RAG还是微调？基于LCMs的工业代码补全对比研究 (RAG or Fine-tuning? A Comparative Study on LCMs-based Code Completion in Industry)

Code completion, a crucial practice in industrial settings, helps developers improve programming efficiency by automatically suggesting code snippets during development. With the emergence of Large Code Models (LCMs), this field has witnessed significant advancements. Due to the natural differences between open-source and industrial codebases, such as coding patterns and unique internal dependencies, it is a common practice for developers to conduct domain adaptation when adopting LCMs in industry. There exist multiple adaptation approaches, among which retrieval-augmented generation (RAG) and fine-tuning are the two most popular paradigms. However, no prior research has explored the trade-off of the two approaches in industrial scenarios.
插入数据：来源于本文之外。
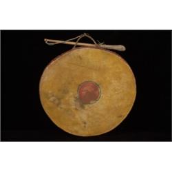 Plains Painted Rawhide Hand Drum with Buffalo Design 19" D. Good Condition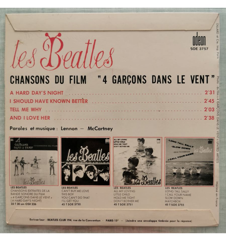 Les Beatles - Chansons Du Film "4 Garçons Dans Le Vent" (1964, 7", Single, vinyl)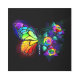 Arcoiris, mariposa monarca luminosa, pintada de forma artística con ramo de iridiscente, rosas brillantes y luminiscentes sobre fondo negro. Mariposa arcoiris.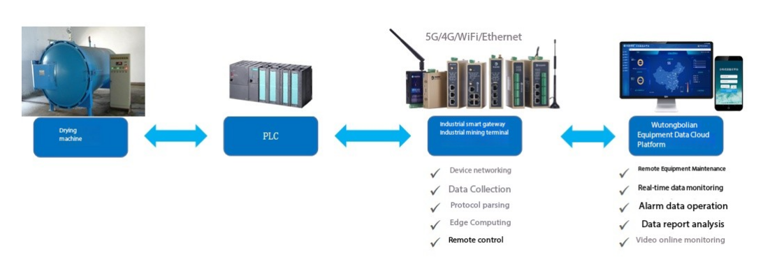The PLC is connected to the WideIOT industrial smart gateway via serial or network ports. The gateway can collect data from multiple devices and connect to the internet via 5G/4G/WIFI/Ethernet.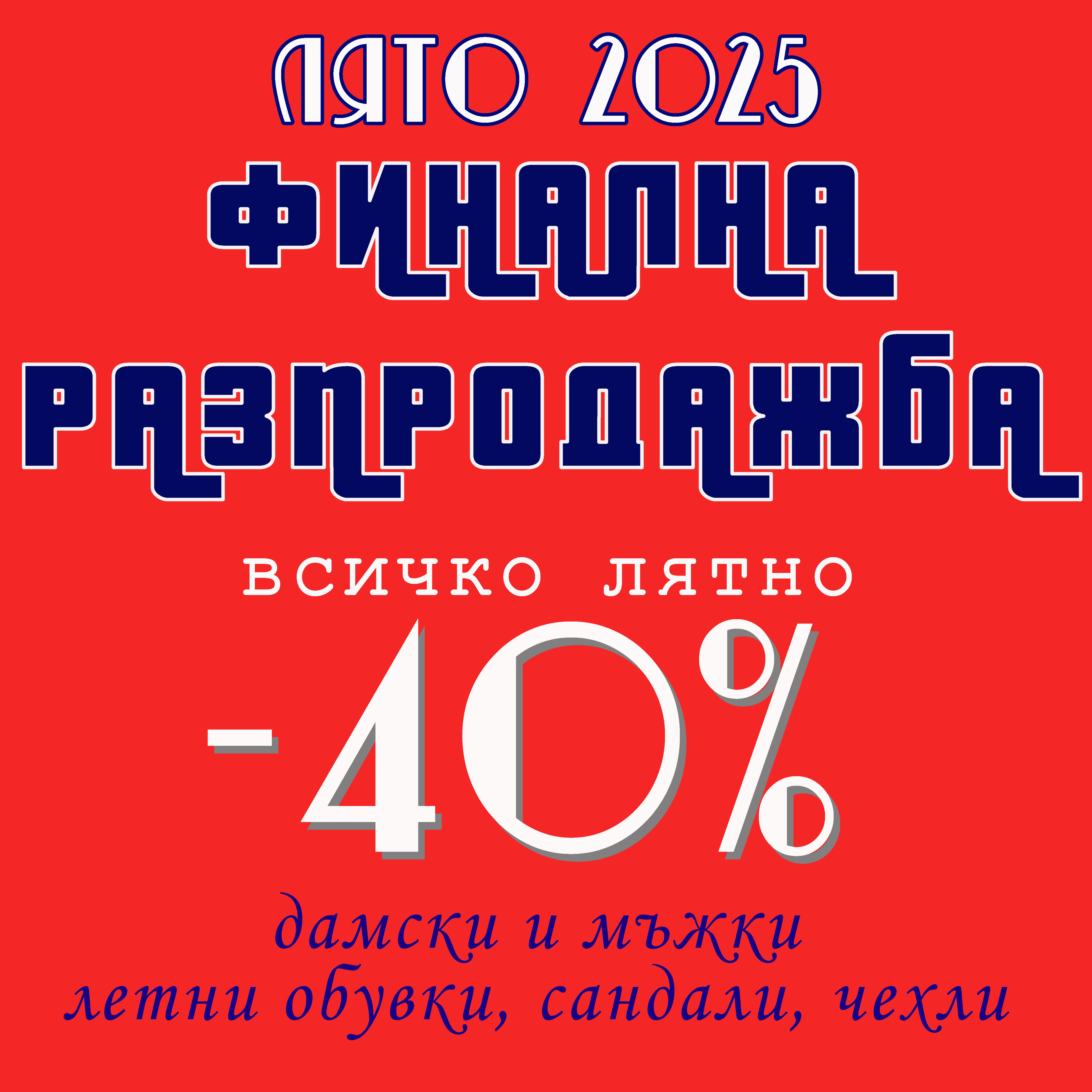 Последен шанс да се сдобиете с летни модели на неустоими цени! В тази категория ще откриете финално намаление на избрани летни обувки – мъжки и дамски, с отстъпки от -40%. Бройките са ограничени, а намалението важи до изчерпване на наличностите. Побързайте, защото това е вашата последна възможност да вземете любимите си обувки от лятната колекция 2025 на изключително добра цена!

To mitigate the gap, we comprehensively compare the two paradigms including Retrieval-Augmented Generation (RAG) and Fine-tuning (FT), for industrial code completion in this paper. In collaboration with Tencent's WXG department, we collect over 160,000 internal C++ files as our codebase. We then compare the two types of adaptation approaches from three dimensions that are concerned by industrial practitioners, including effectiveness, efficiency, and parameter sensitivity, using six LCMs. Our findings reveal that RAG, when implemented with appropriate embedding models that map code snippets into dense vector representations, can achieve higher accuracy than fine-tuning alone. Specifically, BM25 presents superior retrieval effectiveness and efficiency among studied RAG methods. Moreover, RAG and fine-tuning are orthogonal and their combination leads to further improvement. We also observe that RAG demonstrates better scalability than FT, showing more sustained performance gains with larger scales of codebase.

翻译：代码补全是工业环境中的一项关键实践，通过开发过程中自动推荐代码片段来帮助开发者提升编程效率。随着大型代码模型（LCMs）的出现，该领域已取得显著进展。由于开源代码库与工业代码库在编码模式、独特内部依赖等方面存在天然差异，开发者在工业场景中采用LCMs时通常需要进行领域适配。现有多种适配方法，其中检索增强生成（RAG）与微调是最主流的两种范式。然而，先前研究尚未探讨这两种方法在工业场景中的权衡关系。为弥补这一空白，本文针对工业代码补全任务，全面比较了检索增强生成（RAG）与微调（FT）两种范式。通过与腾讯WXG部门合作，我们收集了超过16万个内部C++文件作为代码库。随后使用六种LCMs，从工业实践者关注的三个维度——有效性、效率与参数敏感性——对两类适配方法进行比较。研究发现：当采用合适的嵌入模型（将代码片段映射为稠密向量表示）时，RAG能够获得比单独微调更高的准确率。具体而言，在研究的RAG方法中，BM25展现出最优的检索效果与效率。此外，RAG与微调具有正交性，二者结合能带来进一步性能提升。我们还观察到RAG比FT具有更好的可扩展性，在更大规模代码库上能保持更持续的性能增益。